In fact the slope used in the Figure is only an approximation as described next, but this is a deliberate choice to show it still gives a good fit. The exact slope \partial P/\partial n evaluated at n = 2i – 1 seems a little too complicated to be useful. It contains a derivative of the hypergeometric function, which appears to approach -1/2 in the limit of large i, hence the slope at the centre point is asymptotic to -1/\sqrt{4\pi i}. Another approach is to consider the subsequent bridge step, for which:

    \[P(i,2i) = \frac{1}{2} - \frac{\Gamma(i+1/2)}{2\sqrt\pi\,\Gamma(i+1)},\]

which uses the Gamma function. The difference P(i,2i) – P(i,2i-1) approximates the slope, and is also asymptotic to -1/\sqrt{4\pi i} as i \rightarrow \infty. Hence our approximation for late players is:

    \[P(i,n) \approx \frac{1}{2}\Big( 1-\operatorname{erf}\frac{n+1-2i}{2\sqrt i} \Big).\]

Now the error function by definition is the integral of a gaussian curve. The derivative with respect to n of our approximation is precisely the righthand side below, which itself approximates the chance a late player dies on that step:

    \[P(i\textrm{ dies on }n) \approx -\frac{1}{\sqrt{4\pi i}}e^{-(n-2i+1)^2/4i}.\]

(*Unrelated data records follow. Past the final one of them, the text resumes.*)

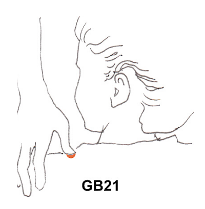
GB21: takes focus from head to body, soothes headache. Don't use in pregnancy.

The images show points you can gently press to bring relief from specific symptoms, or support body and mind as required.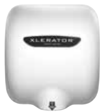
XL-W White Epoxy Painted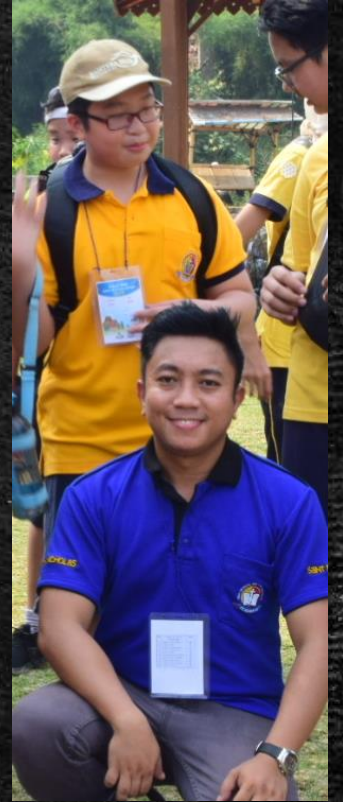
Inspire & Motivate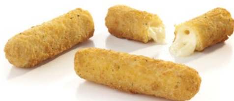
CAVENDISH FARMS® GOURMET RAW BREADED MOZZARELLA STICKS 56210 19184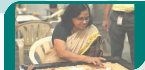
F.E HOD During The Event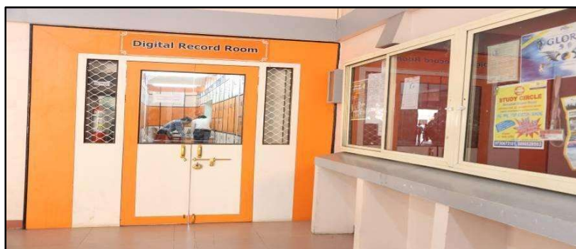
Digital Record Room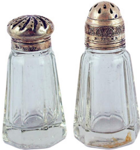
A high bid of $440 was needed to purchase this nice pair of Northern Pacific Railroad salt and pepper shakers.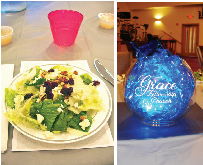
Salad course (left) and table centerpiece (right) as they graced each table upon the guests’ arrival

For fixed i this is a gaussian distribution with centre n = 2i – 1 and standard deviation \sqrt{2i}. It is normalised in the sense its integral over n \in \mathbb R is exactly 1, but physically we want the discrete sum over n \in \mathbb N^+. For the 10th player this is approx. 0.9991, which is already close. The exact chance for dying on a given step was determined in the previous article to be b_{i,n} = \binom{n-1}{i-1} \cdot 2^{-n}. The Figure below shows some early values. As before, we can extend the function beyond integer parameters.

probability of death
Figure: The probability player i will die on step n, given no foreknowledge (that is, before the game begins). The blue dots correspond to integer values of the parameters, which are physical. Contestants face a near-gaussian “hill of death” so to speak, which peaks at n = 2i – 2 and 2i – 1. I have included the “spires” at the back for sake of interest, as a peek into the rich structure for negative n, though this is unphysical.

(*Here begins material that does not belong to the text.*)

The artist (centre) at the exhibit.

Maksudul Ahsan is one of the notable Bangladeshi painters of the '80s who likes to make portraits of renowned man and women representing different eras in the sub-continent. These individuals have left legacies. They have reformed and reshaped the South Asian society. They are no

The ratio b_{i,n}/b_{i,n+1} = 2(n-i+1)/n precisely. Hence for a given player, the adjacent steps n = 2i – 2 and 2i – 1 are equally likely locations their game will be “discontinued”. This is surely the maximum assuming integer parameters, apart from the first player for whom step 0 is safe but step 1 is their most likely “resting place”. Hence the reader might prefer to translate our gaussian approximation by half a step or so; apparently there are various approximations to a binomial coefficient. The subsequent step n = 2i is a more likely endpoint than the earlier step 2i – 3.

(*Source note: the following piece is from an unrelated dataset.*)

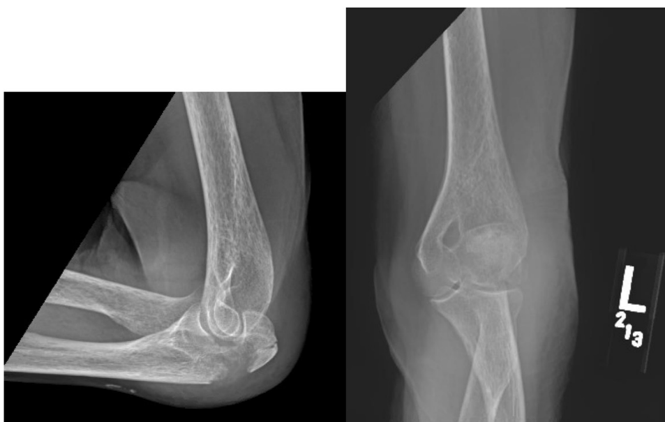
Figure 3 Mayo 2b, AO 2u1b1e. 85-year-old female presenting with a Mayo 2A (displaced, comminuted) and AO classification 2u1b1s (partial articular olecranon fracture, multi-fragmentary) olecranon fracture after a ground-level fall. AO, Arbeitsgemeinschaft für Osteosynthesefragen.

This study has several important limitations. This was a retrospective series with a small cohort of patients, many of whom had follow-up of less than 1 year. However, we surmise that the majority of these patients did not follow up longer because they were asymptomatic, having already achieved evidence of radiographic union, or had deceased, which is a reality of follow-up of elderly patients with inherent medical comorbidities. No statistical models were able to be used to identify patterns in patients with complications, major or minor, as the study was underpowered. Another area for improvement would be the inclusion of outcome scores such as the disability of the arm, shoulder, and hand (DASH), 21,26 the Mayo Elbow Score, 31 and the Broberg and Morrey score 6 to provide additional data and allow comparison with other studies.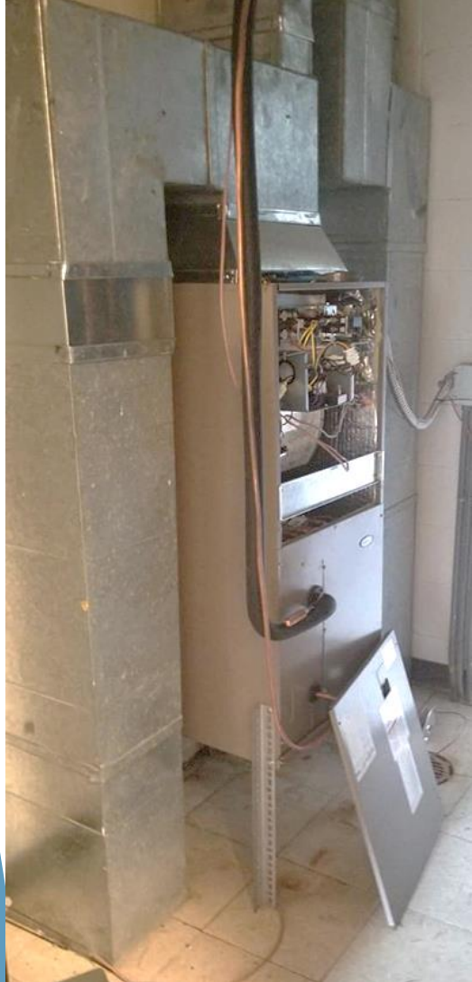
COMMON AREA HEAT PUMP

The expectation value for a given player’s death is:

    \[\sum_{n=1}^\infty n \cdot b_{i,n} = \binom{0}{i-1} \cdot {_2F_1}(1,-i,2-i;-1).\]

This function is very close to 2i, apart from a small oscillatory wiggle. At integer i it is singular, but from inspection of its plot it may be extended to a continuous function with value precisely 2i on physical parameter values (that is, integer i). Finally, for a given step n, the probability that some player breaks a tile is:

    \[\sum_{i=1}^n b_{i,n} = \frac{1}{2}\]

precisely, which is unsurprising. (Better terminology would be the nth “column”, as Henle+  use.) This assumes that n or more players have finished their run, otherwise the step is less likely to be broken.

Update, May 19: The death chance b_{i,n} is ½ times a binomial distribution in n. We previously found a gaussian curve for a given player i. Now. for a fixed step n, the de Moivre-Laplace approximation is a gaussian over the player number i:

    \[\frac{1}{\sqrt{2\pi(n-1)}}e^{-\frac{(i - n/2 - 1/2)^2}{(n - 1)/2}.\]

🡐 general solution | Squid Game bridge | conditional probabilities 🠦

More Squid Game probabilities

Difficulty:   ★★★☆☆   undergraduate

Last time I analysed the bridge-crossing scenario in the series Squid Game. In this fictional challenge called “Glass Stepping Stones”, the front contestant must leap forward along glass panels, choosing left or right each time, knowing only that one side is strengthened glass while the other will shatter. At least later players may learn from the choices of their forerunners. Here I use combinatorial arguments, derive a recurrence relation for the chance to die on a given step, and obtain an analytic solution with a hypergeometric function.

Again, write a_{i,n} or equivalently P(i,n) for the probability the ith player is still alive on the nth step. We showed these probabilities satisfy the recurrence relation a_{i,n} = \frac{1}{2}(a_{i-1,n-1}+a_{i,n-1}), along with initial conditions a_{1,n} = 1/2^n, and a_{i,1} = 1 for all players after the first. Equivalently, we can start from a_{0,n} := 0, and a_{i,0} := 1 for i \ge 1. This is a bit like Pascal’s triangle. Rather than adding the previous two terms, we take their average — which of course is the sum divided by two. And rather than 1’s at the sides, we have 0’s and 1’s.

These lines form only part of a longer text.